I live about 2 miles from the Snap On factory where they make most of their tools and I'm not in China. I don't know where the materials come from though.
You don't just up and buy a higher quality version when you're stuck on the side of the road, you count your blessings that you have like 5 other extensions, all better brands than HF.
It's almost a nice convenient road kit, but yeah when you can literally twist-break an extension just using your hands and arms, the metal is shit tempered and can't handle torsion forces.
Which is exactly what ratchets and extensions are meant to handle, torsion forces, AKA twisty forces.
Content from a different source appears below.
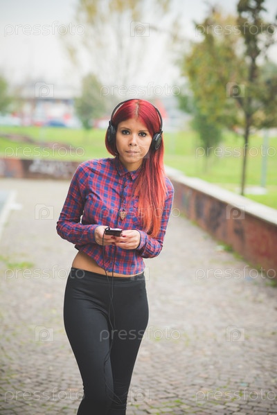 Стильная девушка с красными волосами на улице

Oh for emergency in the car tools totally get the good stuff. But when you are trying to outfit your garage cheaply to get stuff done, it's a good enough starting point.
I broke this while replacing brake pads today, it couldn't handle a 17mm bolt. Thank goodness I have 5 other extensions, all other brands that aren't made of frozen peanut butter.
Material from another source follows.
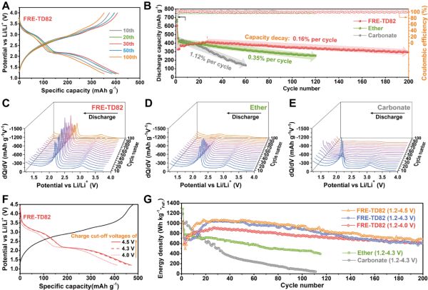 进一步,该研究为转换反应型Li-FeF3电池设计了具有定制溶剂化结构的功能阻燃电解液。这一电解?FRE-TD82)基于磷酸三乙?TEP)?,1,2,2-四氟乙基 -2,2,3,3-四氟丙醚(TTE)二元阻燃溶剂,引入双(三氟甲磺酰基)亚胺锂和二氟草酸硼酸锂分别作为主盐和成膜锂盐添加剂。TEP和TTE溶剂分子的低HOMO能级赋予阻燃电解液超?.5V的高氧化稳定电位。非极性TTE稀释剂改善了电解液对隔膜和电极的浸润性,诱导了富阴离子溶剂化结构的形成。二氟草酸硼酸锂作为成膜锂盐添加剂具有强电子亲和能,能够进一步增强溶剂化结构内鞘层的阴阳离子配位,从而使FRE-TD82电解液的LUMO能级由DFOB-和TFSI-阴离子主导。因此,通过优先的阴离子还原分解反应,在氟化铁正极表面形成了LixBOy/LixBOyFz、LiF和Li2C2O4等无机含锂界面组分。阴离子衍生的CEI膜富含无机组分,呈现薄且均质的形貌,具有电子绝缘性和动态稳定性以抑制界面寄生副反应,可以通过丰富的锂离子跃迁位点以促进界面质量输运。基于FRE-TD82阻燃电解液,转换型Li-FeF3电池表现出持久维持的两阶段锂化平台和稳定的循环性能。受益于稳健的CEI膜和强抗氧化性的电解液,?.5V高充电截止电压下的FeF3正极实现?72mAh/g的高容量?00次稳定循环的优异可逆性。同时,优异的电解液润湿性保证了厚电极内部离子传输路径的渗透性和活性反应位点的均匀性,赋予了FeF3正极在高活性物质载量和贫瘠电解液条件下2.94mAh/cm2的高面容量和良好的循环稳定性、/p>

I actually do, stop being such an elitist. Yeah I've moved on to better tools, but the young and much more broke engineer that I was depended on HF for a lot of things.
Sorry you don't know how to "mechanic" other than with brute force. Try learning a little.
That’s basically what my Wera tools from amazon look like! Some asshole was like “Hey China, can I get a full set of impact rated tools with something vaguely germanic stamped on the outside?”
China: “Do you want us to put ‘impact rated’ on the box?”
Asshole: “Nah… that’s going to fuck our profit margin up.”